Healio spoke with Morawska about the path forward.

Healio: What kind of financial investment would be needed to make buildings safer from respiratory viruses?

Morawska: As we explain in the paper, there is no exact value available neither for the whole world, nor for individual countries. Because there was no realization that this is a risk that can and should be controlled, no proper economic analyses were conducted. However, because the cost of the COVID-19 pandemic is already more than $1 trillion, and because the annual costs of respiratory infections in just the United States alone are of the order of tens of billions of dollars, any investment in building would be a small fraction of this. Estimates suggest that the cost of the investments would be on the order of a 1% increase of the new building costs.

Healio: Who will write the recommendations they say should be written?

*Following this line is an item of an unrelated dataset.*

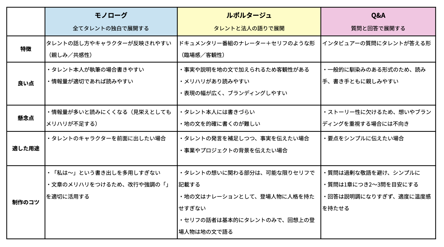 ストーリーの文章形式として「モノローグ」、「ルポルタージュ」、「Q&A」があります。それぞれの特徴と執筆する際のコツをご紹介します。

Morawska: Expert groups encompassing all relevant areas of science and engineering.

Healio: What would the recommendations address?

Morawska: How to design buildings, how to equip them in adequate engineering controls, how all the requirements should be linked including low energy consumption.

Healio: What buildings should be prioritized?

Morawska: The well-being of all humans is important, which means all buildings.

Healio: Could the COVID-19 pandemic have been different had these issues been addressed on the level that governments have addressed food and water safety?

Morawska: Tens of millions of cases worldwide would have been prevented, as well as hundreds of thousands of deaths.